La femme douée change de sein et lui fait subir les mêmes outrages pour le plus grand bonheur de Mariette qui répond à chaque pression sur son sein par un gémissement d’approbation. Les doigts tournent dans la gaine vaginale en s’enfonçant le plus profondément possible. Un cri se fait entendre, Mariette se cambre comme un pont et explose de jouissance.
Son corps retombe lourdement sur le sol, elle halète fortement en essayant de reprendre son souffle. Mais Julia n’en a pas fini avec elle. Elle l’oblige à replier les jambes sur son ventre et plaque sa bouche vorace sur l’anus. Elle le lèche, le suce et l’aspire de toutes ses forces. Mariette se cambre le plus possible, en gémissant. La langue agile, après maintes tentatives, réussit à pénétrer le muscle rectal, et à le fouiller le plus loin possible.
Pour Mariette c’est un délice, Julia est vraiment exceptionnelle, sa langue infatigable fouille le conduit anal sans faiblir.
Un hurlement que Mariette tente d’étouffer en se mordant la main sort de sa gorge. Sa jouissance est terrible, c’est la première fois qu’une langue la fait jouir analement. Satisfaite de son travail, Julia, se redresse et livre sa proie à son mari et à son fils qui attendaient cet instant avec impatience. Encore dans les vapes, Mariette contemple les deux verges qui vont la prendre sans ménagement.
Madou s’approche et offre à la bouche qui recherche de l’air sa bite tendue. Sans se poser de question, Mariette la saisit d’une main et la décalotte, le gland parait redoutable.
Elle donne quelques coups de langue bien ajustés avant de se déboîter la mâchoire pour gober le mamba noir. Elle suce et tète le manche de chair en s’appliquant du mieux possible. Saada prend place entre ses cuisses et lui enfonce sa bite jusqu’aux couilles dans le ventre.

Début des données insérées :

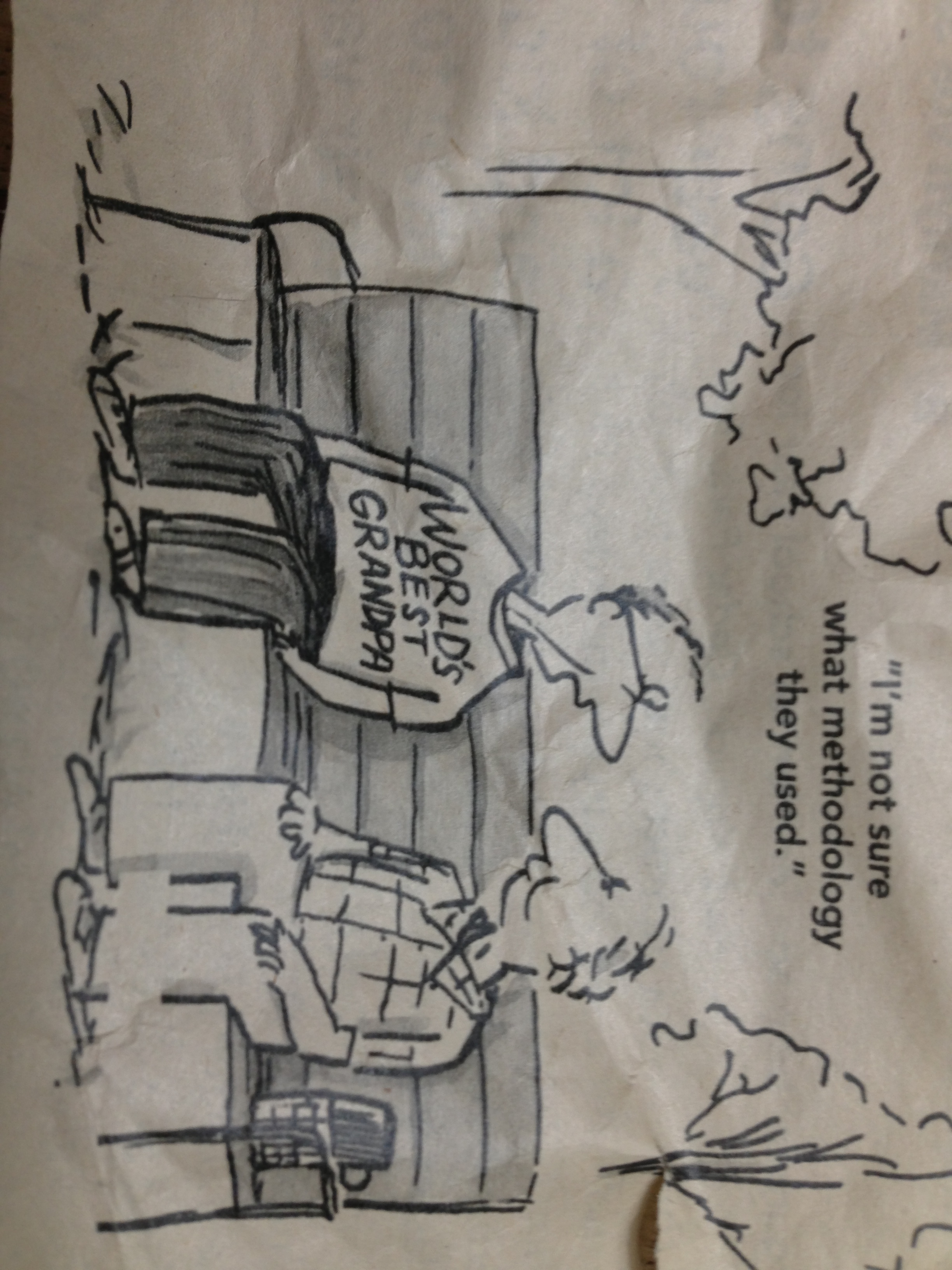 A — fortunately rare — danger of clutter build-up.  I cut out this comic, probably many years ago, meaning to give it to my dad.  Now that I’ve unearthed it, he is no longer here.  He certainly wouldn’t have worn a tee shirt with such a boastful slogan, but the caption reflected his strong analytical side:
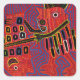 Kuna Indian design inspired by mola textile of a fantasy rooster scaling a fish with a machete.
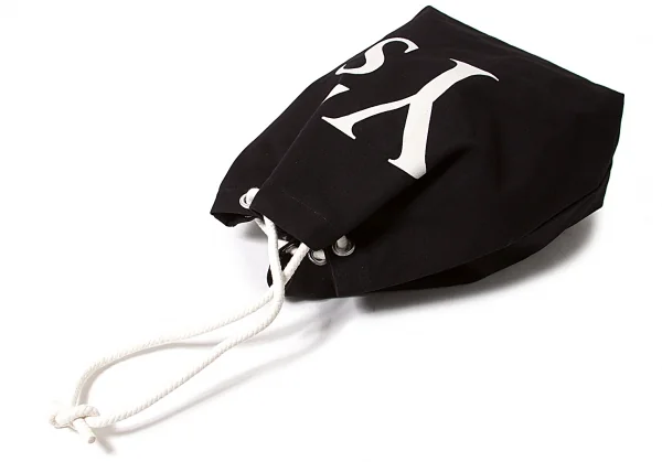 ワイズY's ノベルティロゴプリントキャンバス巾着バッグ 黒

Mariette pousse un gémissement, mais ne lâche pas la verge qu’elle suce avidement.
Saada, en suivant les recommandations de Marc, la défonce férocement. Sa bite coulisse dans la gaine en la dilatant fortement. Elle racle les parois en faisant grogner la soumise. Le gland rabote à chaque fois qu’il passe dessus le col de l’utérus. Pour Mariette c’est le nirvana, elle geint sans lâcher la queue qui lui obstrue la bouche. Madou regarde son fils, et retire sa bite de la bouche de la suceuse.
Soudain Saada bascule et met Mariette sur lui, la coquine surprise commence à s’agiter sur la verge plantée dans son ventre. Elle grimace en faisant de son corps un ascenseur. Saada la plaque contre son torse. Madou présente sa queue à l’anus qui a joui il y a peu de temps et lentement le pénètre. Mariette grimace fortement, serre les dents, en couinant comme une bête agonisante. Avec lenteur la verge prend toute la place dans le rectum de Mariette qui a l’impression que les deux verges sont dans le même orifice.

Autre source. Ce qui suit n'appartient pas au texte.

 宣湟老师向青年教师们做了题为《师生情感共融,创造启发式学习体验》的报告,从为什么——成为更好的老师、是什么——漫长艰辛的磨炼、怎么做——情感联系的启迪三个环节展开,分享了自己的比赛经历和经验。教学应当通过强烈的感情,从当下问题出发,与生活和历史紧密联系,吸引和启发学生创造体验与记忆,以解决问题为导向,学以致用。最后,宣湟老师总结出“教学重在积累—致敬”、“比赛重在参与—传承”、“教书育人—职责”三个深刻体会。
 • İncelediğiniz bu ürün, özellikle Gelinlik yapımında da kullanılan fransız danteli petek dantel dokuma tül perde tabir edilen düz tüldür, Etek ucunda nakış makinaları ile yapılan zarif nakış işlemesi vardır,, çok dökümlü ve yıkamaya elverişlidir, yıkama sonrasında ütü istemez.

Madou commence un va-et-vient très, très lent. Les deux queues se frottent à travers la fine paroi qui les sépare. Mariette n’a jamais subi une double avec d’aussi grosses bites. Elle grogne, puis lentement agite son bassin. Pour ses deux amants, c’est le signal. Avec une synchronisation parfaite, ils défoncent la femme soumise qui ne cesse de gémir de plaisir. Les verges agissent comme des pistons dans leurs cylindres. Dilatée au maximum, Mariette marmonne :
– Mon Dieu comme c’est bon, regarde mon chéri, comme ils me prennent. Je vais jouir, ça monte, ça monte !
Une violente jouissance la fait hurler, elle est suivie d’une seconde et d’une troisième aussi intenses. Mariette délire en hurlant :
– Défoncez-moi, défoncez-moi, je veux mourir de jouissance sous vos coups de bites. Allez-y, putain, faites-moi exploser encore, et encore !

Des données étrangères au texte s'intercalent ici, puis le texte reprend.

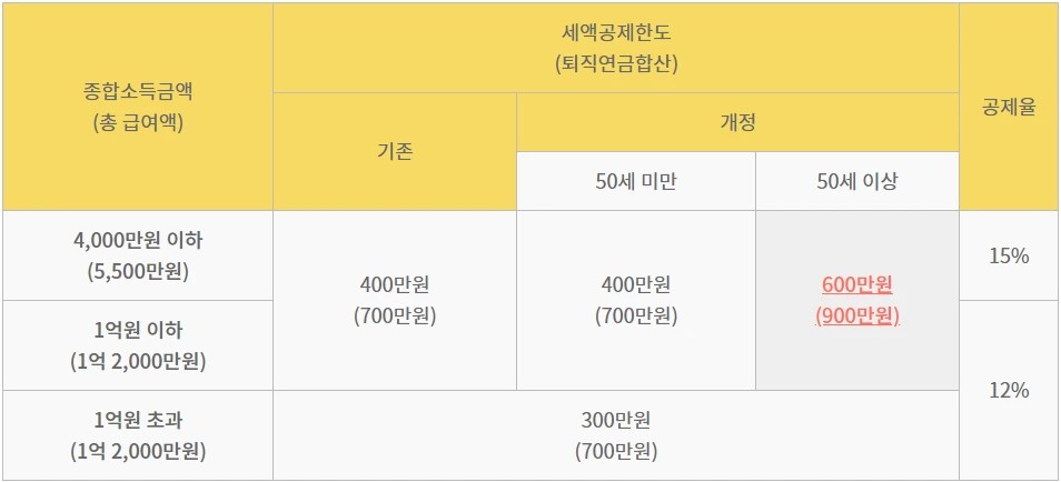 나이가 50세 이상일 경우, 종합소득금액이 1억이하, 총급여 1억2,000만원 이하 근로자는 연금, 퇴직연금 세액공제에서 연금저축계좌 납입 400만원, 퇴직연금계좌 합산 700만원이던 한도가 각각 600만원 900만원으로 상향된다. 20년 1월 1일 이후 납입하는 분부터 적용된다.
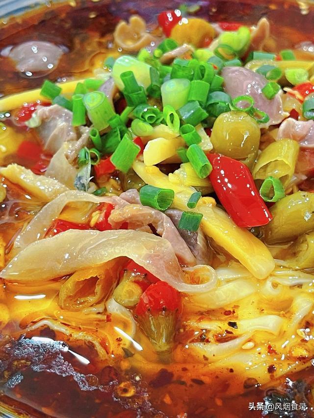 用的泡椒讲究,得是石柱辣椒或者二荆条泡的十年老坛,自然发酵,酸辣醇厚不呛喉。
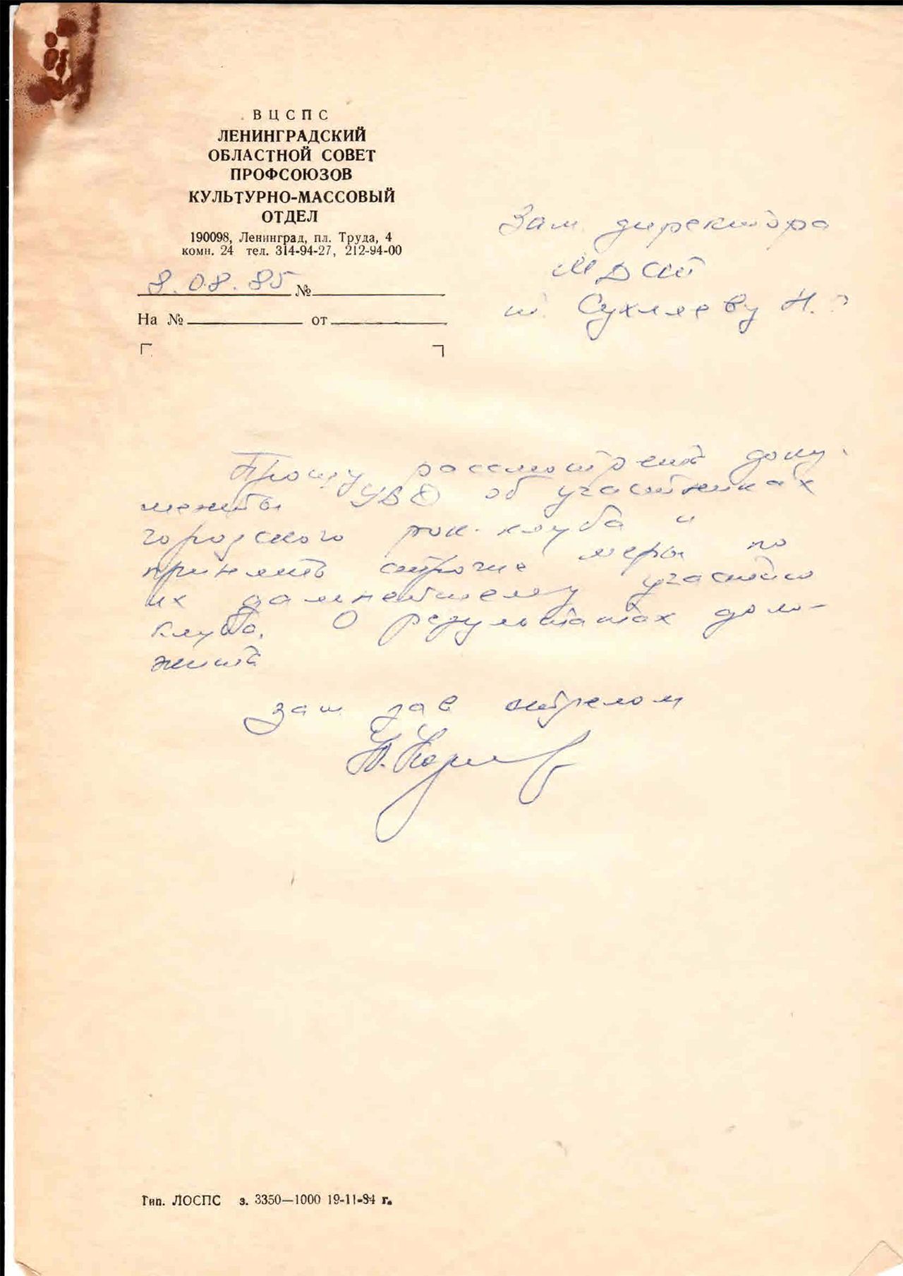 23 мая 1985 года Виктор Цой и лидер группы «Зоопарк» Майк Науменко прилетели в Киев, чтобы выступить с квартирником, после чего их задержала милиция. Организатору квартирника Андрею Кучеренко, Виктору Цою и Майку Науменко пришлось писать объяснительные и доказывать, что они не занимались предпринимательской деятельностью. Их отпустили. В августе 1985-го начальство «Ленинградского межсоюзного дома самодеятельного творчества» (ЛМДСТ), при котором состоял Ленинградский рок-клуб, потребовало разобраться с членами клуба Цоем и Науменко — и на некоторое время их даже лишили права выступать. Объяснительные Цоя, Науменко, Кучеренко все эти годы хранились в архиве бывшего секретаря рок-клуба Ольги Слободской. «Медуза» впервые публикует эти документы с подробной расшифровкой (орфография и пунктуация авторские), а также комментарием Слободской. Все материалы спецпроекта «Мы вышли из Кино» читайте тут.

Elle reçoit dans les orifices fortement distendus plusieurs jets de sperme épais. Les deux hommes infatigables la défoncent comme des brutes pour la faire jouir encore. C’est plein de sperme qu’ils l’ont délaissé. Mariette est toujours demandeuse. Julia veut la finir, elle lui enfonce sa main entièrement dans la chatte et la ramone avec rage. Une nouvelle jouissance la fait hurler. Julia cette fois change d’orifice et lui fouille le cul en lui enfonçant sa main jusqu’au poignet. Le pilonnage est atroce. Mariette, ce qui est extraordinaire, jouit encore plusieurs fois. C’est épuisée et gavée de jouissance qu’elle déploie les bras en croix.